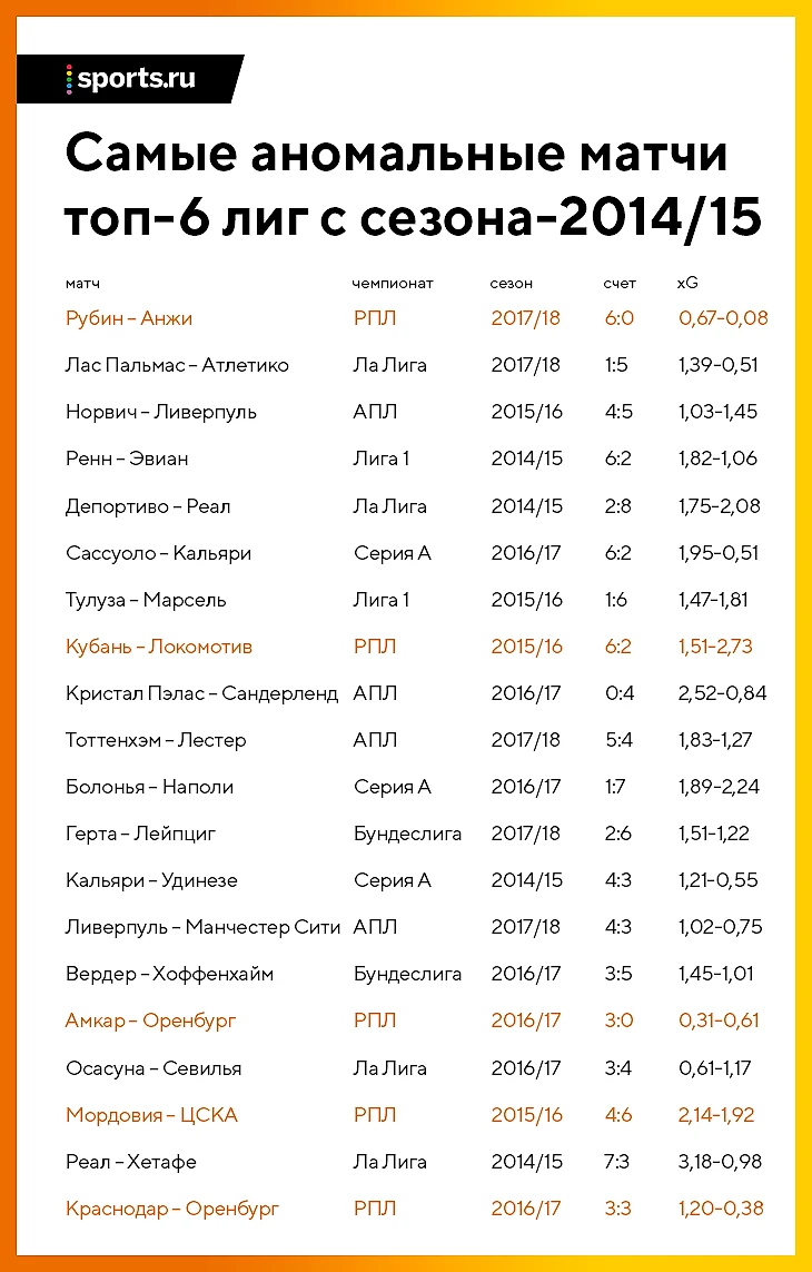 Важно! Речь идет не о договорняках или о подозрениях на них, а о матчах, в которых итоговый результат максимально разошелся с ходом игры и данными продвинутой статистики. Это вполне нормально и укладывается в теорию вероятностей.
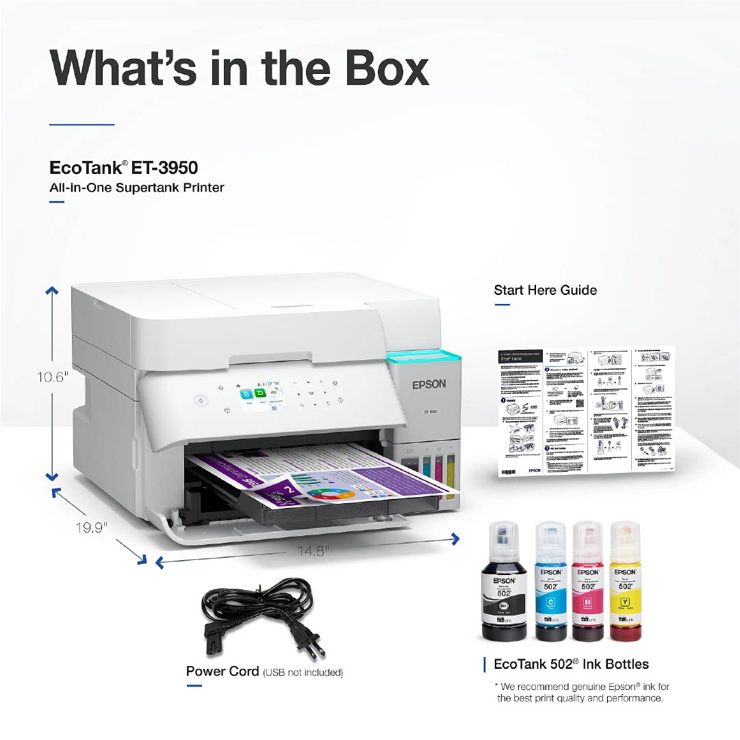 5 Epson EcoTank ET-3950 Wireless All-in-One Color Supertank Printer – White |
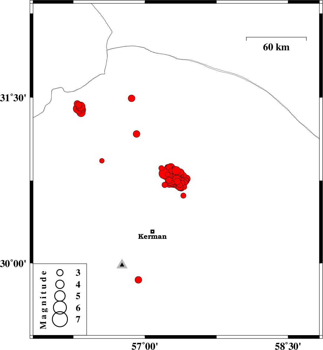 2017/12/17 06:07:57.5 09:37:57.5 30.77557.32414 ML3 Kerman Province, 59 km North-East of Kerman

**Exercise description:** Please set down every line of the data above precisely, dropping the images.

**Exercise result:**
 Важно! Речь идет не о договорняках или о подозрениях на них, а о матчах, в которых итоговый результат максимально разошелся с ходом игры и данными продвинутой статистики. Это вполне нормально и укладывается в теорию вероятностей.
 5 Epson EcoTank ET-3950 Wireless All-in-One Color Supertank Printer – White |
 2017/12/17 06:07:57.5 09:37:57.5 30.77557.32414 ML3 Kerman Province, 59 km North-East of Kerman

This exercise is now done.